**The data:**
● ● ● ● ●
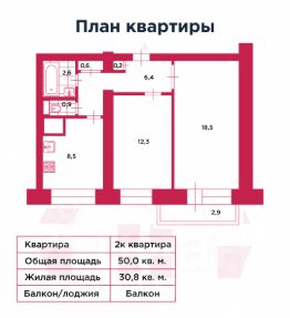 Общая площадь 50 м². Комнаты: спальня 12,3 м² и просторная гостиная 18,5 м².
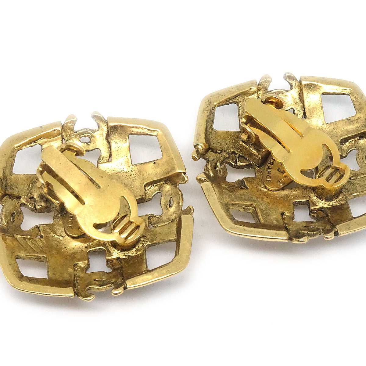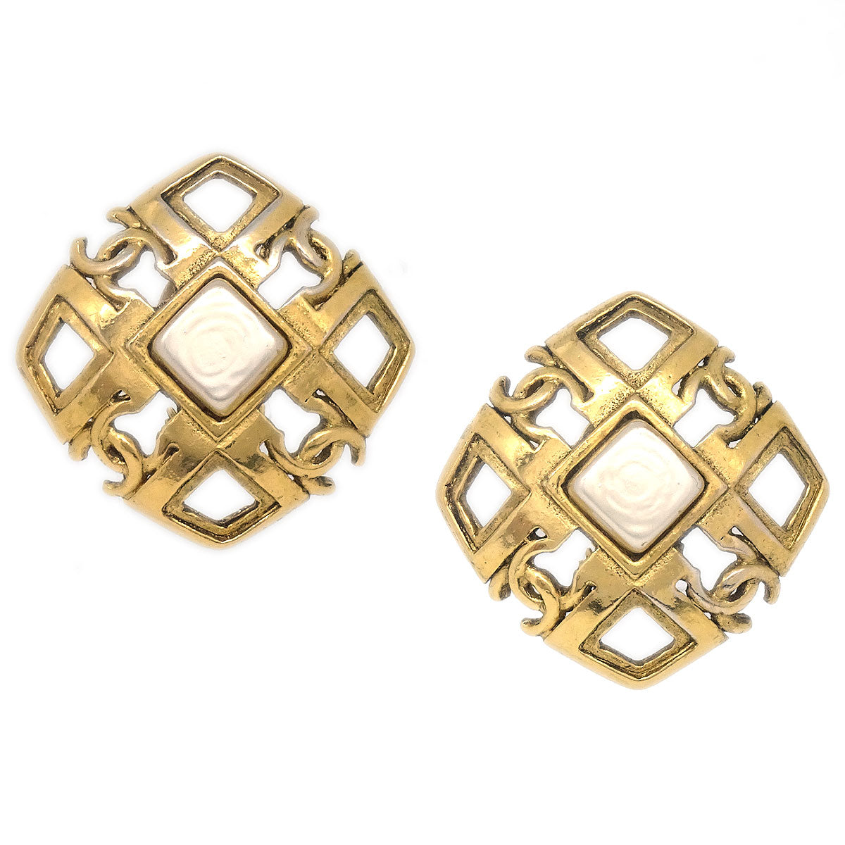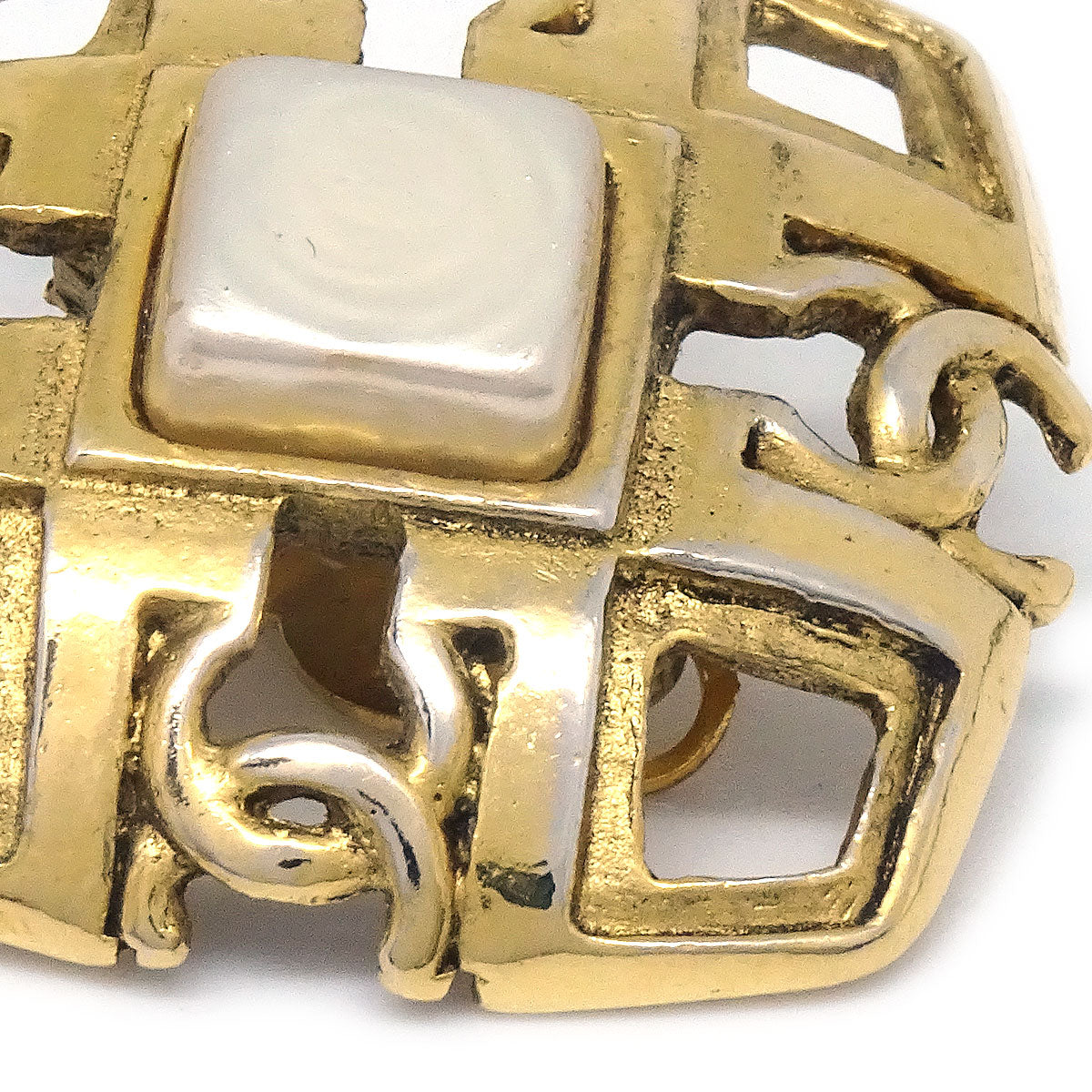 CHANEL Rhombus Imitation Pearl Earrings Clip-On Gold 23
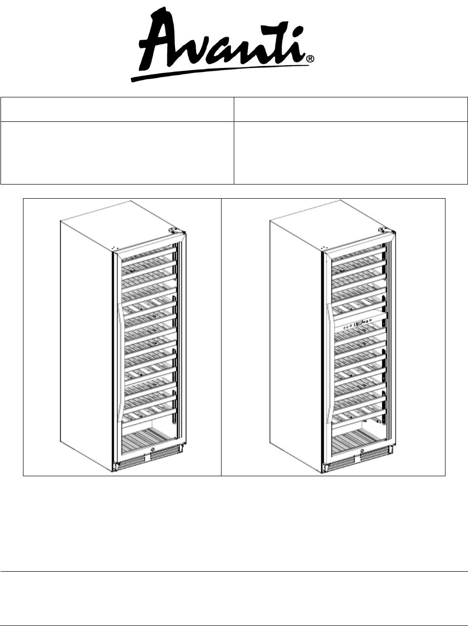 Model / Modelo / Modelé: WCF149SE3S / WCF148DE3S WINE CHILLER VINERA CELLIER INSTRUCTION MANUAL MANUAL DE INSTRUCCIONES MANUEL D’INSTRUCTIONS WCF149SE3S WCF148DE3S BEFORE USE, PLEASE READ AND FOLLOW ALL SAFETY RULES AND OPERATING INSTRUCTIONS. Avanti has a policy of continuous improvement on its products and reserves the right to change materials and specifications without notice. Avanti Products LLC P.O. Box 520604 Miami, FL 33152 www.avantiproducts.
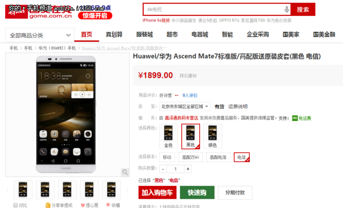 直達(dá)鏈接:電信/移動(dòng)標(biāo)配版 華為Mate7僅1899元 ,,
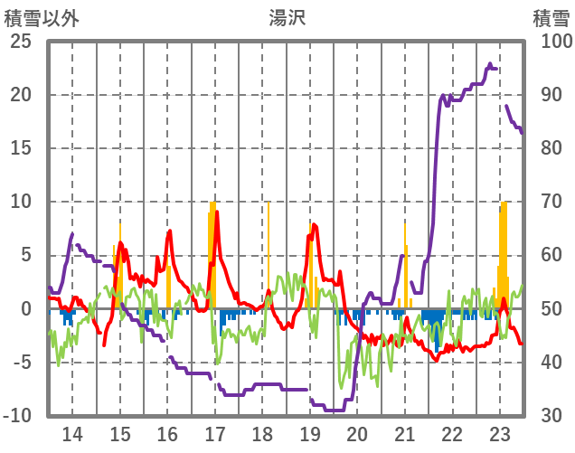 | 日 | 時 | 気温 | 降水 | 風向/風速 | 日照 | 積雪 | 降雪 |
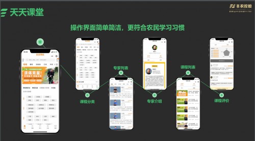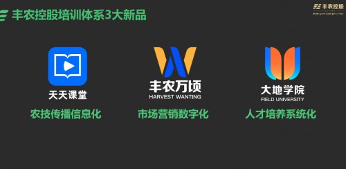 以解决农民农技水平不高,农技学习渠道少,农技学习成本高等难题为核心,丰农控股创立了国内首个农民职业教育服务平台——天天学农。目前天天学农已合作1500多位农业专家,制作了50000多节课程。去年,天天学农成功入驻学习强国平台,并与中国农大、西北农林、华东农大、华东华南农大等等的高校达成合作。今年,天天学农又推出了三款数字化教育新品。
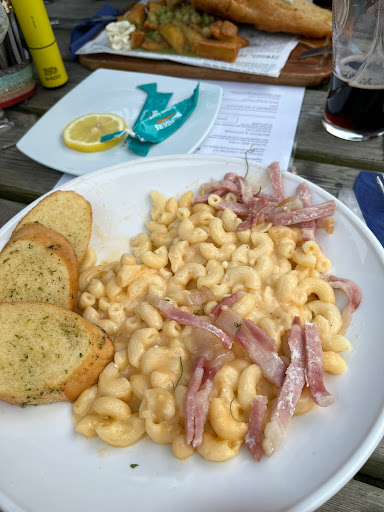 Read moreWe had the most awful meal at this restaurant last night. The mac and cheese was cold and resembled something from a tin, the added bacon was cold and undercooked. Not a sign of the parmesan crisp as outlined on the menu. The fish and chips were supposed to come with homemade tartar and chargrilled lemon and minted mushy peas. There wasn't a hint of of mint in the peas and the top of the photo shows the 'homemade' tartar sauce and 'chargrilled lemon'!!! The chicken burger was cold and dry with no tomato or gherkin in the bun as per the menu. We had to wait over an hour which was fine as we were warned of this. However we didn't expect after an hour to receibe sub standard cold food that wasn't as outlined on the menu. The bill was far from reasonably price do I can only imagine the margin they are making as most if it seemed to come out of a tin. Really disappointed and would never eat at this restaurant again, which is such a shame as it is the only...
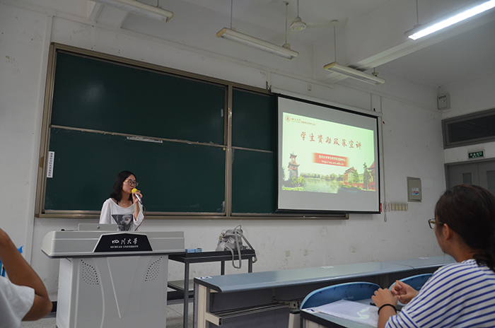 2017年9月13日下午2点,yl23411永利(集团)有限公司官网2017级新生资助宣讲会在四川大学江安校区综合楼C座205举行。参加宣讲会的有四川大学资助中心刘程老师、yl23411永利(集团)有限公司官网2017级辅导员孟滋常老师,yl23411永利(集团)有限公司官网2017级辅导员陈林老师以及部分2017级yl23411永利(集团)有限公司官网新生。
● ● ● ● ●
**What is required:** What is needed here is an exact transcription of every record above, with images excluded.

**Result for this exercise:**
 Общая площадь 50 м². Комнаты: спальня 12,3 м² и просторная гостиная 18,5 м².
 CHANEL Rhombus Imitation Pearl Earrings Clip-On Gold 23
 Model / Modelo / Modelé: WCF149SE3S / WCF148DE3S WINE CHILLER VINERA CELLIER INSTRUCTION MANUAL MANUAL DE INSTRUCCIONES MANUEL D’INSTRUCTIONS WCF149SE3S WCF148DE3S BEFORE USE, PLEASE READ AND FOLLOW ALL SAFETY RULES AND OPERATING INSTRUCTIONS. Avanti has a policy of continuous improvement on its products and reserves the right to change materials and specifications without notice. Avanti Products LLC P.O. Box 520604 Miami, FL 33152 www.avantiproducts.
 直達(dá)鏈接:電信/移動(dòng)標(biāo)配版 華為Mate7僅1899元 ,,
 | 日 | 時 | 気温 | 降水 | 風向/風速 | 日照 | 積雪 | 降雪 |
 以解决农民农技水平不高,农技学习渠道少,农技学习成本高等难题为核心,丰农控股创立了国内首个农民职业教育服务平台——天天学农。目前天天学农已合作1500多位农业专家,制作了50000多节课程。去年,天天学农成功入驻学习强国平台,并与中国农大、西北农林、华东农大、华东华南农大等等的高校达成合作。今年,天天学农又推出了三款数字化教育新品。
 Read moreWe had the most awful meal at this restaurant last night. The mac and cheese was cold and resembled something from a tin, the added bacon was cold and undercooked. Not a sign of the parmesan crisp as outlined on the menu. The fish and chips were supposed to come with homemade tartar and chargrilled lemon and minted mushy peas. There wasn't a hint of of mint in the peas and the top of the photo shows the 'homemade' tartar sauce and 'chargrilled lemon'!!! The chicken burger was cold and dry with no tomato or gherkin in the bun as per the menu. We had to wait over an hour which was fine as we were warned of this. However we didn't expect after an hour to receibe sub standard cold food that wasn't as outlined on the menu. The bill was far from reasonably price do I can only imagine the margin they are making as most if it seemed to come out of a tin. Really disappointed and would never eat at this restaurant again, which is such a shame as it is the only...
 2017年9月13日下午2点,yl23411永利(集团)有限公司官网2017级新生资助宣讲会在四川大学江安校区综合楼C座205举行。参加宣讲会的有四川大学资助中心刘程老师、yl23411永利(集团)有限公司官网2017级辅导员孟滋常老师,yl23411永利(集团)有限公司官网2017级辅导员陈林老师以及部分2017级yl23411永利(集团)有限公司官网新生。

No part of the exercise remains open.